We download and use the ScanSSD model from Parag Mali’s GitHub. To retrain and test the ScanSSD model, we also download the testing data (some PDF files and utility Python programs) from here.

Installation of some Python modules

The server runs Ubuntu 18.04. ScanSSD model is implemented in Python. We have Python 3.6.9 and pip 9.0.1 installed on the Ubuntu server. The python3 command is used to start Python 3.6.9, and the pip3 command is used to run pip to install modules for Python 3.6.

1. Install PyTorch

The following command uses pip3 to installs PyTorch 1.5 package for Python with CUDA 10.2 on Linux, which will install numpy-1.18.4, torch-1.5.0, and torchvision-0.6.0 modules.

~$ pip3 install torch torchvision

To check if the GPU driver and CUDA are enabled and accessible by PyTorch, run the following commands to return whether or not the CUDA driver is enabled:

~$ python3
>>> import
torch
>>> torch.cuda.is_available()

2. Install Visdom

The following command uses pip3 to installs Visdom server and client for Python.

~$ pip3 install visdom

When running train.py, the code also asks to install opencv, matplotlib, and torchviz modules if they are not installed before.

Construct the directory structures for the ScanSSD model

Before we retrain and test the ScanSSD model, we first need to download the package and arrange all programs and data into proper directory structures.

We created a ScanSSD home directory /data/pwang/data/GTDB on the Linux server, and then follow the directory structures provide by Parag at https://github.com/MaliParag/ScanSSD/blob/master/dir_struct to construct the directory structures for the ScanSSD model running environment.

Under the home directory, we create the following sub-directories for ScanSSD model and data:

ssd: includes SSD model in ssd.py, ScanSSD training in train.py, and ScanSSD testing in test.py.

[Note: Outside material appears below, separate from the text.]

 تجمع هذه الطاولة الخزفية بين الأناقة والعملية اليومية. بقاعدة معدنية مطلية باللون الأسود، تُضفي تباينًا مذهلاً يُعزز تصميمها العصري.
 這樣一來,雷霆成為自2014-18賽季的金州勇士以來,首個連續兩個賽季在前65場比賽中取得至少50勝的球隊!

All the training code is in the layers sub-directory. Hyper-parameters for training and testing can be specified through command line and through config.py file in the data directory. The data directory also contains gtdb_new.py data reader that uses sliding windows to generate sub-images of page for training. All the scripts regarding stitching the sub-image level detections are in the gtdb directory. Functions for data augmentation, visualization of bounding boxes and heat map are in the utils directory.

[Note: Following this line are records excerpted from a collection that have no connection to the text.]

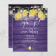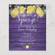 Met citroenen groen en mooie slingerlichtjes op een paarse rustieke houten achtergrond, kan deze leuke uitnodiging voor een bruiloftsfeest op een budget worden gepersonaliseerd met uw speciale evenementeninformatie. Ontworpen door Thisisnotme
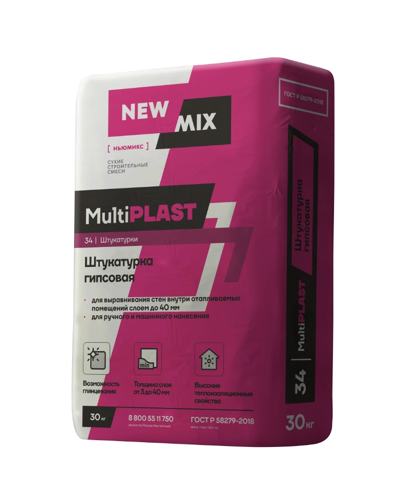 Штукатурка New Mix MultiPlast гипсовая 30кг
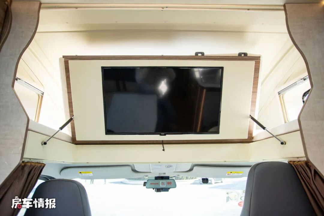 床板下方依然配备了一台32寸液晶电视,可供日常的娱乐需求。
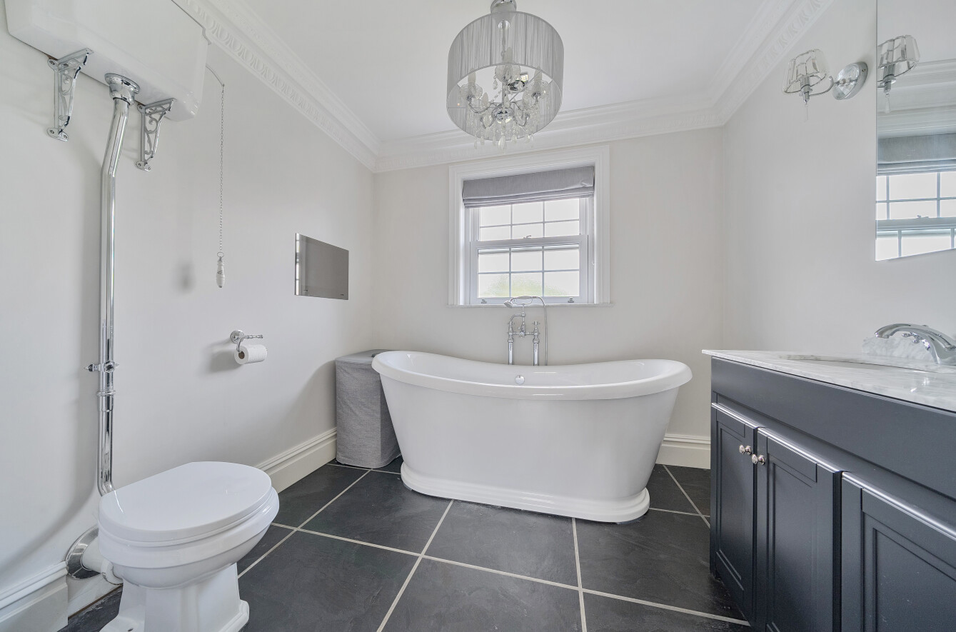 Two bedrooms have their own en-suite bathrooms. Here, you will find top quality fittings, including Italian marble and roll top baths
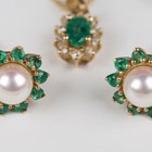 A 9ct gold, emerald and diamond oval cluster pendant, weight 0.7g, length 1.6cm, on a gold neckchain, detailed '10K', weight 1g, length 43cm, a pair of 9ct gold, emerald and diamond drop shaped pendant earrings, a pair of 9ct gold, emerald and cultured pearl cluster earstuds, total weight of two pairs of earrings 2.9g, and a pair of emerald and colourless gem set oval cluster earstuds, unmarked, with a case.

images: stores all PDF document images. Each PDF document has a directory that is used to save all PDF pages in PNG image format. Each page has a separate PNG image file.

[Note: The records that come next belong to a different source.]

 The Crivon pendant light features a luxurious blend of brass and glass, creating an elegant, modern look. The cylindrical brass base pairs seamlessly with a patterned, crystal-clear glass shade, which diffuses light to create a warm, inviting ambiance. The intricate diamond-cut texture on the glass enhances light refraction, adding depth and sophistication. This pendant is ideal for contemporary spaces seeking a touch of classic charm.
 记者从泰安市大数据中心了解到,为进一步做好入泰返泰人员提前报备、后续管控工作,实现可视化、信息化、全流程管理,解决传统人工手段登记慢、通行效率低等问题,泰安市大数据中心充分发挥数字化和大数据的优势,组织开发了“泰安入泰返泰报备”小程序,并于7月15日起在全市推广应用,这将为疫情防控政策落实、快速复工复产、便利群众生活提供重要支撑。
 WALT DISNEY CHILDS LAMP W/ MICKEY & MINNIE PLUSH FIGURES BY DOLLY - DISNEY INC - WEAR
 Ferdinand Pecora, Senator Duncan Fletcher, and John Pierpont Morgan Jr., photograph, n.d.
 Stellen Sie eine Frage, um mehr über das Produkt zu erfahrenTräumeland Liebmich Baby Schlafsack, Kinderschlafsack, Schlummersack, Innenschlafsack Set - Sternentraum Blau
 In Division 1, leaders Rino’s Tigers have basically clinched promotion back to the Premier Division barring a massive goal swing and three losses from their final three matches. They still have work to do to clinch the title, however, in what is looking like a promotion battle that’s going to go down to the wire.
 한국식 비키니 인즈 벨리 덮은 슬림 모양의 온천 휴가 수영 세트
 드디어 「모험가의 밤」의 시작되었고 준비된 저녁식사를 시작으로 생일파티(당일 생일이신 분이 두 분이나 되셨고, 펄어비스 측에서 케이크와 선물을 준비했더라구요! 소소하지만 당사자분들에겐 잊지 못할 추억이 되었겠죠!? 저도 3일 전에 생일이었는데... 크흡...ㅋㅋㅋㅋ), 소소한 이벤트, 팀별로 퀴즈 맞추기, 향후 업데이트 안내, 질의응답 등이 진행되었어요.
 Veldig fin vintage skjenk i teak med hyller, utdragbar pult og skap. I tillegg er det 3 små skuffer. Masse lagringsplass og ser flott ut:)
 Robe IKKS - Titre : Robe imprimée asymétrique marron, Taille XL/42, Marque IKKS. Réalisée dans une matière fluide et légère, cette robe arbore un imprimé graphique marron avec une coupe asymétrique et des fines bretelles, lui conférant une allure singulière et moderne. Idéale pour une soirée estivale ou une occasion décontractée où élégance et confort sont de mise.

For retraining, testing, and stitching, we need to create a training file, a testing file and a stitching file. All these files are text files and include image file names (or with page numbers). These files are directly saved under the home directory.

To prepare PDF document images, we follow the testing data information and use ODU library to find all PDF files, and then use the utility program convert_pdf_to_image.py (downloaded with the testing data package) to convert all PDF files into image files by page in the PNG format. Finally, we copy all PDF image files (organized by a directory for each document) to the images directory above.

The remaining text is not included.